Она постучала тогда рано, так рано, что он испугался. Но зашла она смирненько, потихоньку и сразу устало опустилась на стул. Он совсем испугался усталого лица, ее глаз, робких, просительных — значит, пришла с горем и теперь мнется, выжидает момент. Но она заговорила о легком, о постороннем и как будто развеселилась и отвлекла его.
— Че давно не заходишь? А я упражнение новое разучила! Заходи — покажу.
И он улыбнулся, от души отлегло.
— Заходи… — повторила.
— Я занят, к урокам готовлюсь, мне некогда.
— Тогда чайком напои.
Он налил ей чаю, наложил мятных пряников. Ей понравился чай, а до пряников не дотронулась.
— Че, Сергеич, я узнала… Ты дом покупаешь?
— Покупаю, Антонина Ивановна.
— Эх, ты, мужик! Так Топей и не назвал старуху, видно, сильно глубоко я состарилась.
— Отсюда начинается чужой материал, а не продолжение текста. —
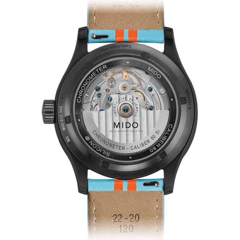 La montre Multifort Chronometer 1 Racer est fabriquée par la réputée marque Mido, son boîtier rond témoigne d'un caractère affirmé et sportif. Composée d'un acier inoxydable de qualité, sa finition en PVD noir apporte une touche moderne qui sublime son allure générale. Affichant un diamètre de 42mm et une épaisseur de 12mm, elle s'ajuste parfaitement au poignet masculin, avec un poids équilibré de 90 grammes qui assure confort et présence. Observons le fond de boite transparent, une caractéristique qui permet d'admirer le mouvement à travers un verre vissé percé de découpes subtiles.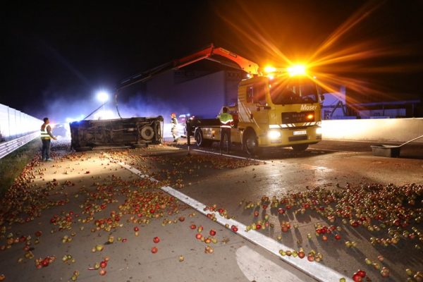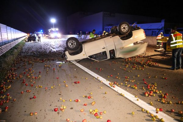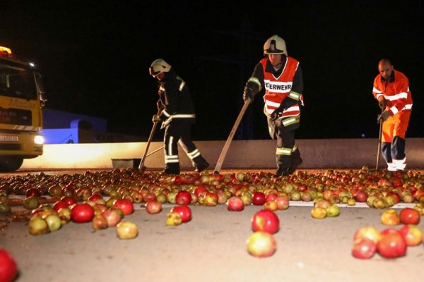 Tausende Äpfel lagen nach dem Crash auf der Autobahn. Die Feuerwehr musste zur nächtlichen Apfelernte auf die Westautobahn ausrücken. Der Lenker des Kleintransporteres, ein 71-Jähriger aus Neumarkt am Wallersee, wurde nach der Erstversorgung durch Rettungsdienst und Notarzt mit leichten Verletzungen ins Klinikum Wels eingeliefert. Die Feuerwehr führte gemeinsam mit dem Streckendienst der ASFINAG die Fahrbahnreinigung durch. Die Westautobahn war zwischen Allhaming und Sattledt, in Fahrtrichtung Salzburg rund 15 Minuten gesperrt und insgesamt rund eine Stunde erschwert passierbar.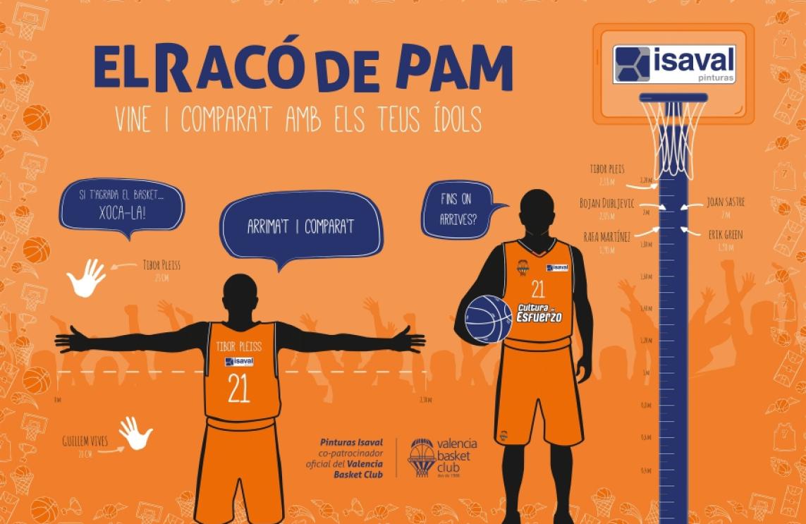 El Racó de la Pintura de Isaval, tot un clàssic de les prèvies dels encontres en la Fonteta, creix en este partit amb la instal·lació d'un espai en el qual podràs comparar la teua alçada, envergadura, la grandària de la teua mà i el dels teus peus amb els dels jugadors de la primera plantilla del Valencia Basket. A més, s'habilitarà un servei de pintacares per a posar en els rostres dels nostres aficionats els nostres colors corporatius. Tot açò sense perdre el tradicional espai en el qual els xiquets i xiquetes que assistisquen al partit poden, baix la supervisió d'una monitora, fer amb les seues pròpies mans unes pancartes d'animació personalitzades a partir d'unes cartolines amb el nostre color corporatiu.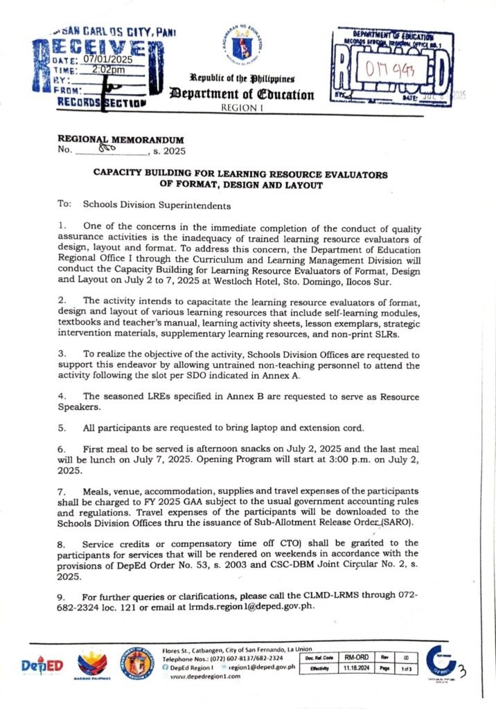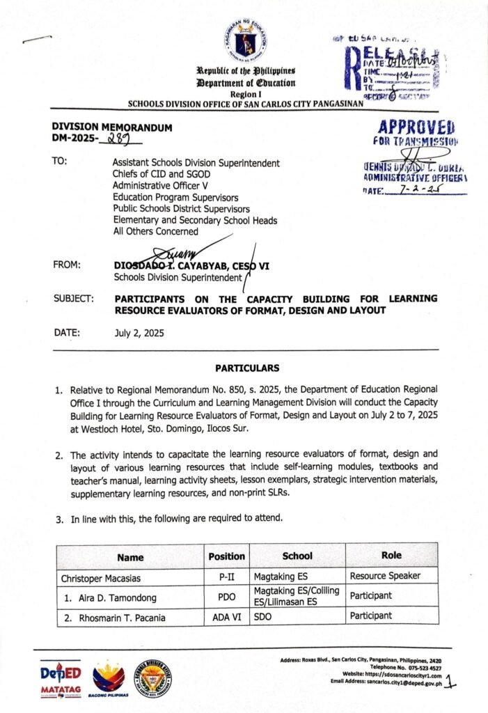 Division Memorandum No. 289 s, 2025 – PARTICIPANTS ON THE CAPACITY BUILDING FOR LEARNING RESOURCE EVALUATORS OF FORMAT, DESIGN AND LAYOUT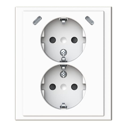 Pistorasia, Impressivo, 2-osainen, maadoitettu, 2 x USB C laturilla, valkoinen Impressivo® kokopeitelevyllinen kaksoispistorasia kahdella sisäänrakennetulla USB C-latausportilla varustettuna.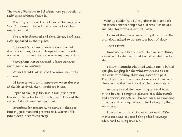Ruby and her best friend Deva have won free places at the Ash Tree Foundation Performing Arts Camp over the summer. There’s just one problem: they won’t be able to attend unless their grades seriously improve. When Deva suddenly starts getting high marks in all their subjects, a confused and hurt Ruby feels left behind. Then she finds out Deva’s success is due to EchoStar, a new app that’s helping her get ahead.

Скоро съедешь от меня — только и видела, — она нехорошо засмеялась и прикусила губу. И вдруг переменилась вся, вспыхнула. И распахнулись глаза во всю ширь.
— Я, Сергеич, дочку решила взять. Вчера в город поехала, сразу в больницу пришла. Там у меня есть родня мужева — хирург Раиса Степановна. Она меня жалела всегда и теперь пожалела — возьми, говорит, девочку или мальчика. У них есть вот такие девочки. Родит женщина, заявленье напишет, что не нуждается в своем дитеночке, его и оставляют в больнице. Есть таки у нас матери — оторви им хвост. Потом государство берет на себя и воспитывает. Вот како у нас государство ласково… Че, Сергеич, одобряешь меня?